Maintain the patient’s position properly.

Maintain the patient’s intake output.

See whether the patient is affected by pharmacological treatment.

Ambulation means movement of the patient To be done.

Provide the patient with a side rail in the bed.

3) Anxiety related to disease condition .

Nursing interventions:=

Reliving Anxiety:=

Give the patient reassurance.

Ask the patient to describe his feelings.

Ask the patient to clear all his doubts.

Ask the patient to do some exercises.

Spend some time with the patient.

Tell the patient to improve his/her coping ability.

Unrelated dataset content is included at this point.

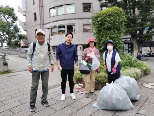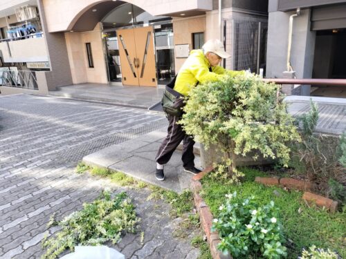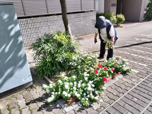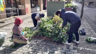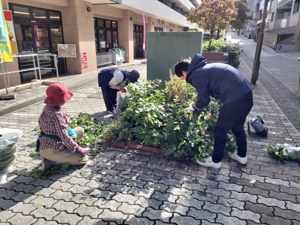 植替え前にも花、植木の剪定、草取りが行われています。10月18日の定例活動には、初めて「アプリ薬局」の斉藤さんが参加して下さいました。「お客様からNRPの活動を教えてもらい参加しました。これからも地域をきれいにする為に参加したい」とおっしゃっていました。

Tell the patient to engage in mind diversional therapy.

4) Activity intolerance related*to weakness or fatigue .

Nursing interventions :=

Promoting activity level:=

Maintain the patient’s personal hygiene.

Instruct the patient to perform daily routine activities.

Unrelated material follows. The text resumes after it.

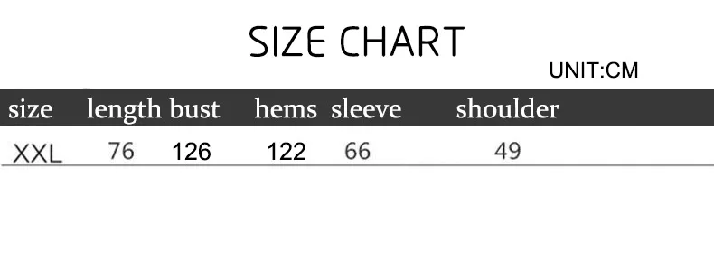 Примечание:Вы можете измерить куртку, которую вы носите сейчас, и длину груди для справки, и погрешность 1-3 см является нормальной.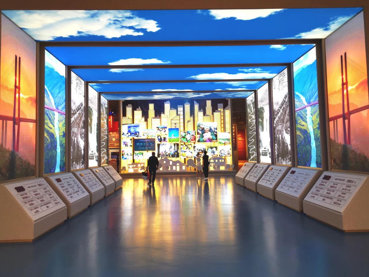 在百年长廊展示区,左右对称的超高清LED显示屏,用图片与视频资料,展示了中国共产党百年来带领中国人民从贫困走向富强,从胜利走向新的胜利的辉煌历程。

Keep the necessary items near him.

Instruct the patient to do some exercise.

5) Altered nutrition status less than body requirement related to nausea and vomiting.

Nursing interventions:=

improve nutrition status of client:=

Maintain oral hygiene of the patient.

Do not keep any bad smelling items near the patient while he is eating.

Give the patient only the things he likes to eat.

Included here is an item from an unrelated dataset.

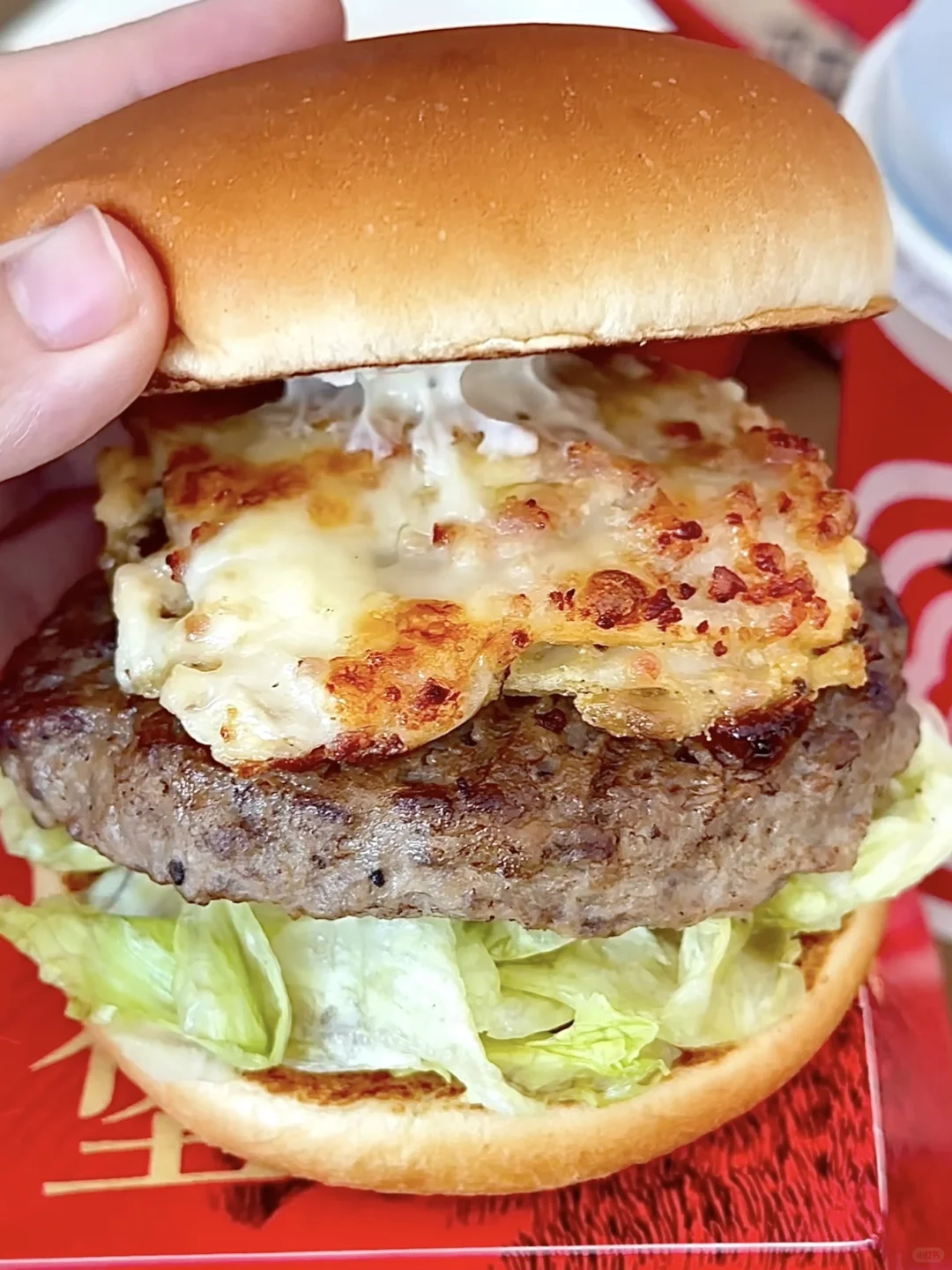 真的超级爱这个!用的是百分百龙江和牛!厚制牛肉饼整整有120g,多汁又厚实!

Keep in mind the patient’s likes and dislikes.

Give the patient the proper position.

Give the patient the proper fluids to drink.

Check the patient’s weight daily.

6)ineffective family coping related to clients disease and prognosis .

Nursing interventions:=

Reassure the family coping.

Give reassurance to family members.

Involve family members in coping mechanisms.

Provide psychological support to the family and patient.

Communicate with the patient and his family members.

Clear all doubts of the patient and his family members.

Provide care if the patient is unconscious.

1) Explain the Spinal Cord Tumor. Define spinal cord tumor.

Spinal cord tumors are abnormal growths of tissues and are mainly found near the spinal cord because the spinal cord is a rigid bony structure and abnormal growth causes pressure and impairs the function of the spinal cord.

Spinal cord tumors are mainly found inside the spinal cord and adjacent to it.

Spinal cord tumors are cancerous growths found inside the spinal cord. It is found and can be either benign or malignant.

If the tumor is creating compression in the spinal cord or nerve root, then immediate medical attention is required because compression of the nerve can also cause paralysis. Even if the tumor is benign, it can still be affected.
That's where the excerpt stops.